Living below the poverty line

In 2025, newly released South African figures showed that although poverty has diminished in the 17 years between 2006 and 2023, almost 38% of the population still live below the lower bound poverty line of R1 300 per month. Of those, over
70% are under the age of 35, with children comprising more than 43% of all poor individuals.

In 2025 gender-based violence was declared a national disaster. About 42 000 women are raped annually and teen pregnancy rates rose to 90 000 in 2024, with the Department of Social Development (DSD) indicating that 18.2% of girls become mothers
before they turn 18.

Researchers continue to report the breakdown of the South African family support structure, beginning historically with migrant labour, HIV/Aids and urbanisation, poverty, violence, absent fathers, and, most recently, the Covid-19 pandemic.

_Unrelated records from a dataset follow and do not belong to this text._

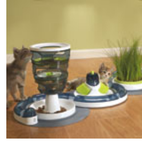
Catit Senses Activity Toys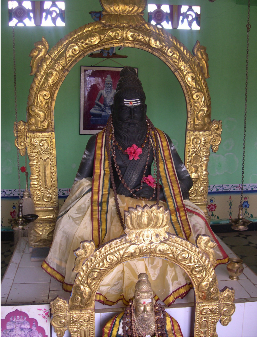
FIGURE 4. Siddhendra's mūrti (image) in a temple in the Kuchipudi village.

considered traitors of Tamil by their adherence to Sanskritic culture. Sumathi Ramaswamy (1997) writes: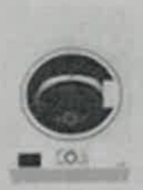
24" Dryer DVF600WW

Product photos may not be exact and are subject to change without notice or better view. 1 & 02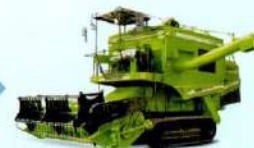
MALKIT 597 Champion Track Combine Harvester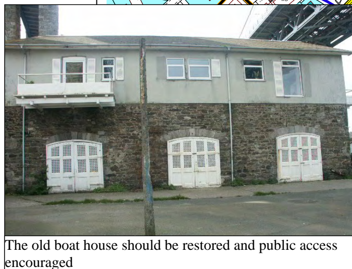
The old boat house should be restored and public access encouraged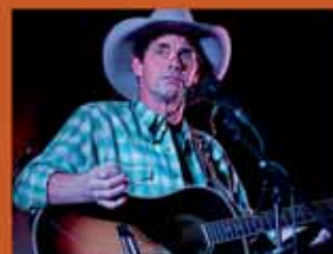
Rich Hall's Hoedown 17 November £17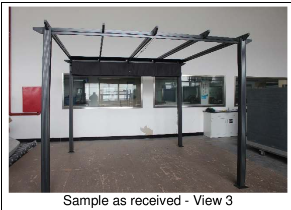
Sample as received - View 3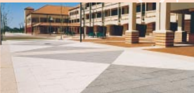
Rockingham City Council, Perth.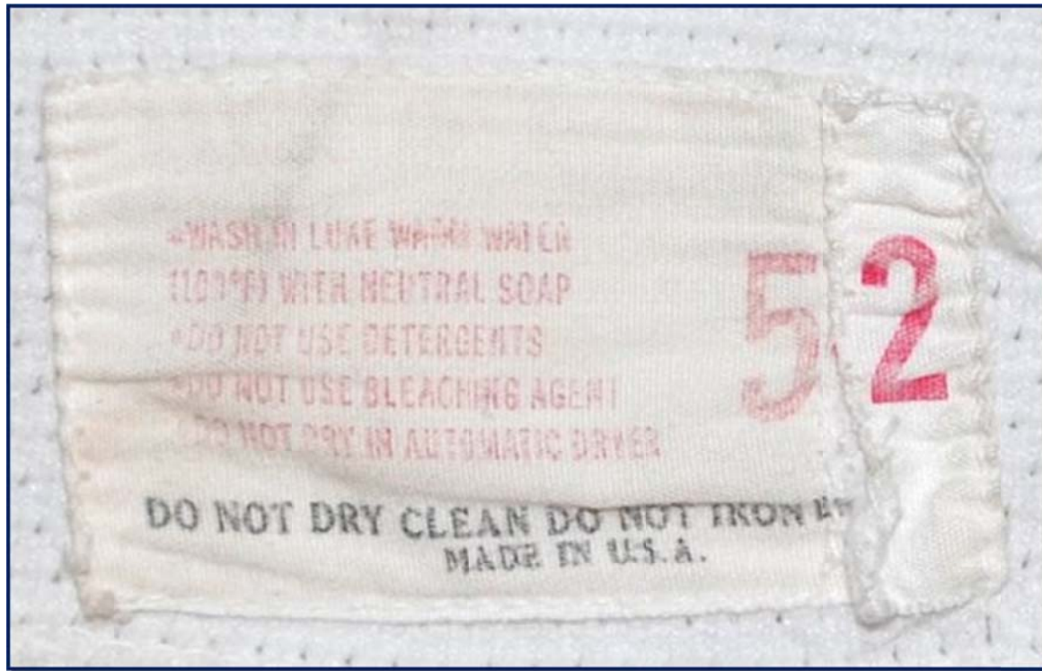
Fig. 72-10. Russell Southern wash tag detail from circa 1972 road jersey (L. Alzado)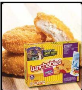
Oscar Mayer Funpack Lunchables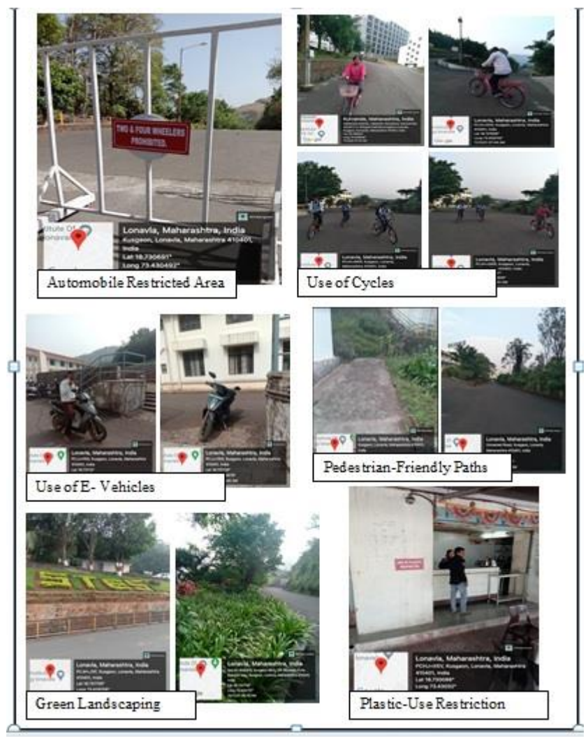
Efforts to reduce carbon foot prints

The SIT campus covers total 200 acres area which is having the green cover of 75000 mature woody trees which capture 138.78 tons of CO<sub>2</sub> per year.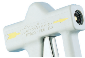
RUBBER COVER - WHITE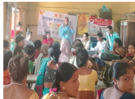
■ Awareness meeting in progress at Kadamtola Jonaki ME School, Assam

Development Committee (VCDC), Assam. The Territorial Council Level Coordination Committee (TCLCC) Chairperson, school teachers, the School Managing Committee, Matri Got (Mothers Group), parents, and community members attended the event. Health talks on TB and NCD followed by NCD screenings for 50 individuals and TB screenings for 22 people.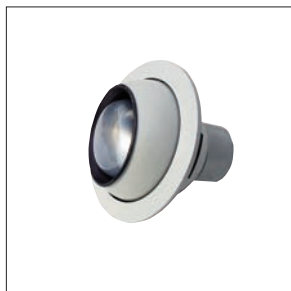
Lampa spot 100W EUR 12.00 Cod 019.010.170.000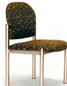
Its tubular steel frame makes the Empire chair an ideal counterpart to the Bridge design range.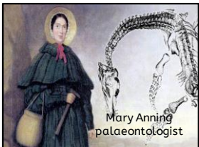
Mary Anning palaeontologist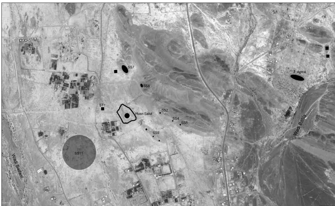
FIGURE 3 – Bronze Age and Iron Age occupation patterns in the Salut plain and adjacent wadi Bahla plain. Squares indicate Bronze Age remains, rounded shapes Iron Age sites (the larger, the more conspicuous; the line around Husn Salut shows possible extension of the associated settlement, i.e. Qaryat Salut). Site names follow IMTO survey coding (see CONDOLUCI, DEGLI ESPOSTI AND PHILLIPS 2014; also PHILLIPS, CONDOLUCI AND DEGLI ESPOSTI AND 2011). SS11 comprise an area of field-leveelling mounds (Ara-bic nadud), rich in Iron Age pottery.

From a complementary perspective of the excavation, it thus became of great importance, after the first seasons of field work, to locate the settlement or settlements that likely gravitated around such a prominent site as Husn Salut. In 2009, a new program of surveys became included in the ever enlarging IMTO's scope, finally attaining success as a series of smaller but anyhow not negligible areas of Iron Age settlement were located (fig. 3). While the results of these surveys were detailed elsewhere, 29 worth underlining here is the fact that all these 'satellite' sites were placed along the lower slopes of other hills and rocky outcrops, thus suggesting that the more easily irrigable plain was saved for agricultural exploitation.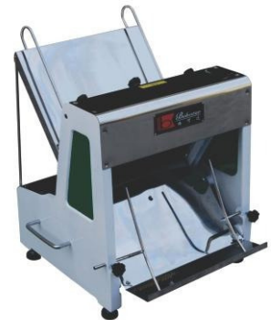
Bread Slicer (Electric) Table / Floor Model

CHANMAG / BERJAYA based on professional know-how with R & D manufacturer technique and satisfactory service attitude, to offer excellent bakery equipment, to contribute the bakery customers. Innovate to develop new product, enhance production technique improve product quality for providing more satisfactory product customers. Keep sincere & honest; identify right & wrong, harmonious to concern each other, to unit together, to develop benefit for share with customers' subcontractor, colleague, stockholder and publics in the country.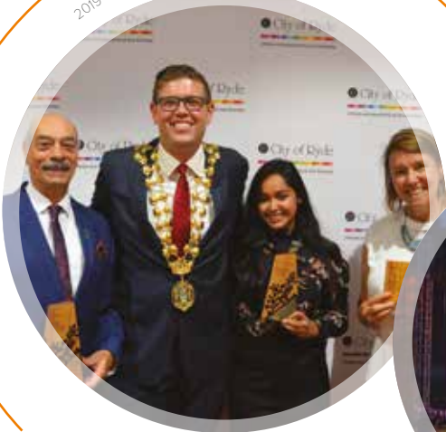
2019 Citizen of the Year Award Winners

For more information, visit www.ryde.nsw.gov.au/easterparade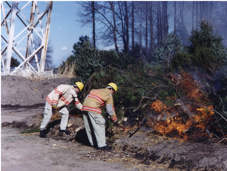
Fig. 4 Igniting the controlled fire at the base of the Impact Dynamics Research Facility at NASA Langley on January 31, 2001. This facility, previously named the Lunar Landing Research Facility, was originally used by the Apollo astronauts to practice lunar landings.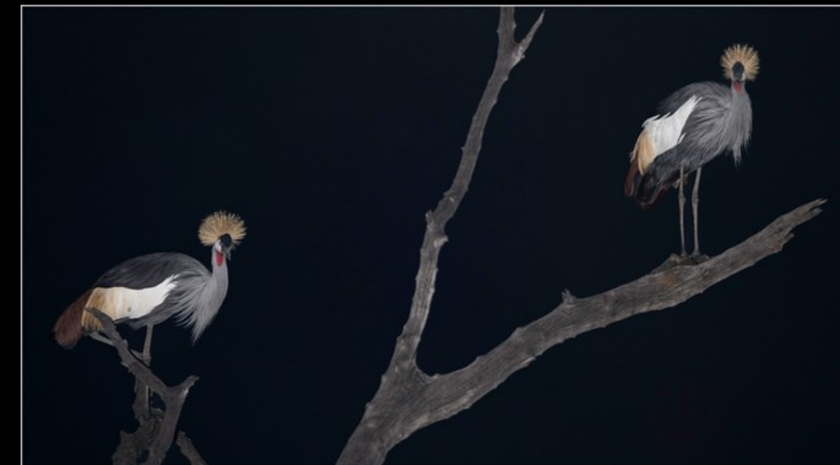
NB-M-Koos Marais-36-G-Grey Crowned Cranes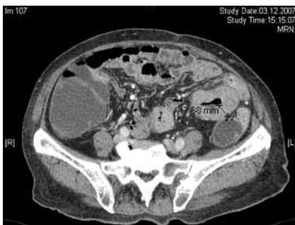
Fig. 2 Contrast-enhanced hydro-CT scan showing thickened wall of the jejunum and enlarged lymph nodes, suggestive of lymphoma infiltration.

A 78-year-old woman was transferred to our hospital with a history of chronic anemia (hemoglobin 80–90 g/L) for several months that was refractory to iron treatment. Repeated gastroscopy and colonoscopy showed no abnormal findings. During the ensuing wireless capsule endoscopy, mucosal changes interpreted as 'possibly ulcerations' located within the distal part of the jejunum were identified as a possible source of bleeding. We performed double-balloon enteroscopy (DBE) to confirm these findings and carry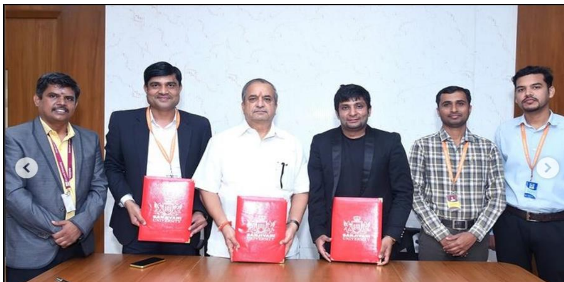
Fig.20: MoU Signing Ceremony with Zoho Corporation

A Memorandum of Understanding (MoU) was signed between Zoho Corporation and Sanjivani University to establish a collaborative platform for skill development, innovation, and industry-oriented education.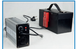
Multi-tension, ventilated battery charger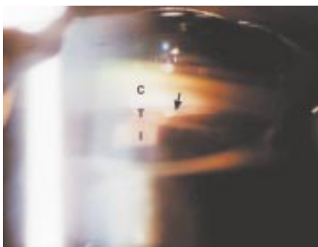
Figure 2 Gonioscopic view of the tube (arrow) emerging just anterior to the trabecular meshwork. C = cornea, T = trabecular meshwork, I = iris (9 months postoperative).

In 2022, about 2.8 million children were classified as single or double orphans.

These stats are indications that the country continues to battle pervasive upstream drivers of crisis pregnancies and child abuse.

Equally worrying, downstream, the alternative care system, a child’s right enshrined in the Constitution, is broken.

Detained

In the past four months, the Centre for Child Law has documented three cases of women who were effectively detained in Gauteng hospitals because they wanted to place their child into the child protection system.

In all three cases, the mother had legally signed consent to relinquish the child. In the case of mother A, a minor who was still at school, her mother also consented as per the Children’s Act, but hospital staff refused to discharge her unless she personally took the baby home. Herself a child, she experienced humiliation and huge emotional distress, trapped in the hospital and pressured to care for a baby she had already relinquished.

Mother B had the same experience at a different hospital in the province. Despite being unemployed and struggling to raise her three children, social workers and hospital staff tried to shame and coerce her into keeping her newborn, even threatening that her other children would be removed if she failed to comply.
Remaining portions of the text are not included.